LAFD investigator Tom Campuzano had drawn up a list of seventeen fires that had occurred in recent months, all of which and more were being investigated by the Pillow Pyro gang. The fires had all taken place midday in retail establishments open for business, and the flyer described the signature device: a cigarette, three matches, a rubber band, and notebook paper.

Campuzano addressed the FIRST meeting that day and expressed the task force's opinion about the delay device being unusual in that such devices usually consisted of a cigarette and a book of matches. The arsonist had obviously included a piece of notebook paper in order to supply enough heat and flame to get the foam products melting and the flowing liquid ignited. The FIRST members were given a brief description of each fire, and Campuzano passed out a flyer to each member, but no one offered any information.

After the meeting, as Tom Campuzano was leaving, he was stopped in the parking lot by Scott Baker, an investigator from the state Fire Marshal's Office in the Central Valley.

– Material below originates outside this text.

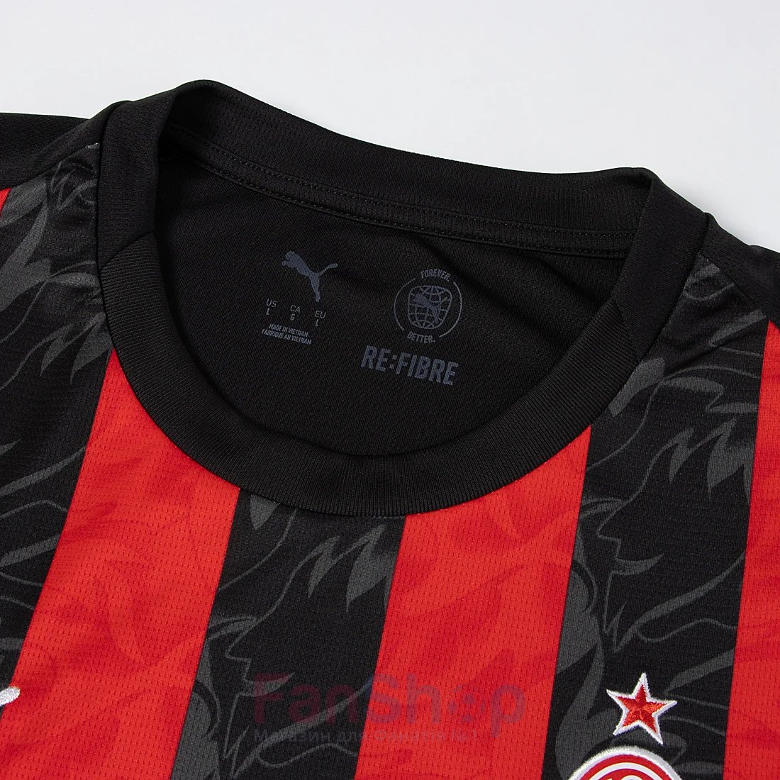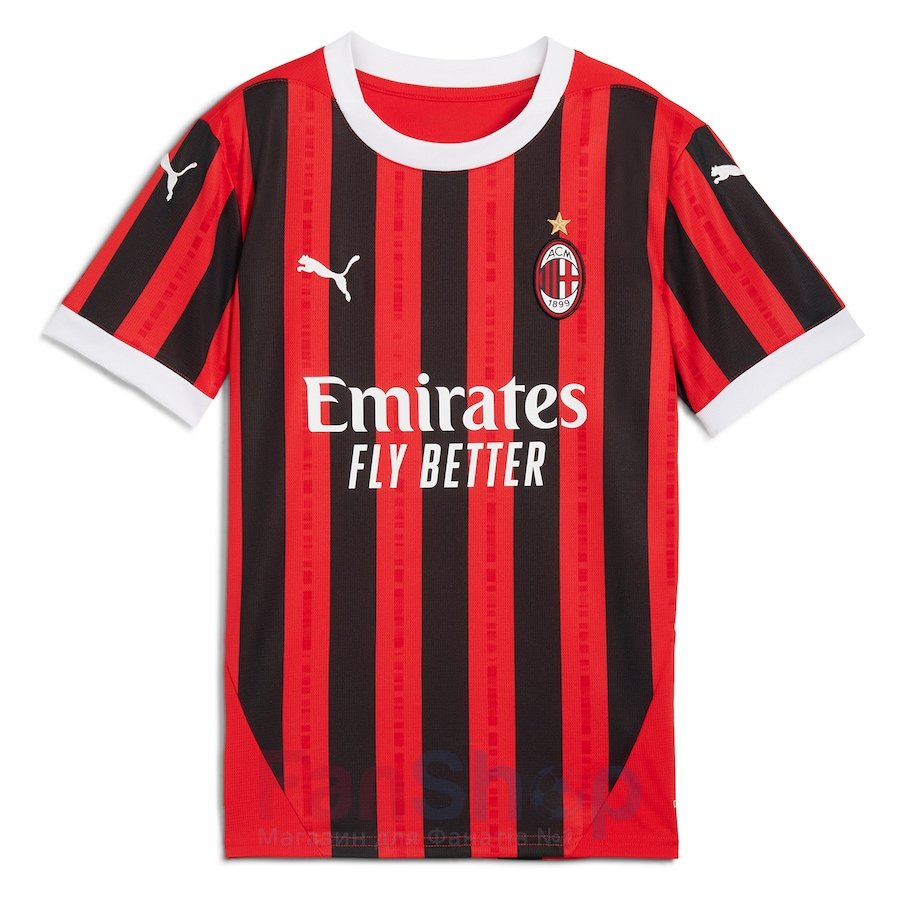 Оригинальная детская футболка основного комплекта формы ФК Милан разработана компанией Puma на сезон 2025-26

Baker said, "Campy, I didn't want to say anything in there, but we had an arson series like yours back in 1987, and another one on the Central Coast in '89."

"And why didn't you want to mention it in there?" Campuzano asked.

Baker replied, "Because Marv Casey of the Bakersfield Fire Department had a theory that a firefighter might be involved, and Casey has a good fingerprint from one of the fires."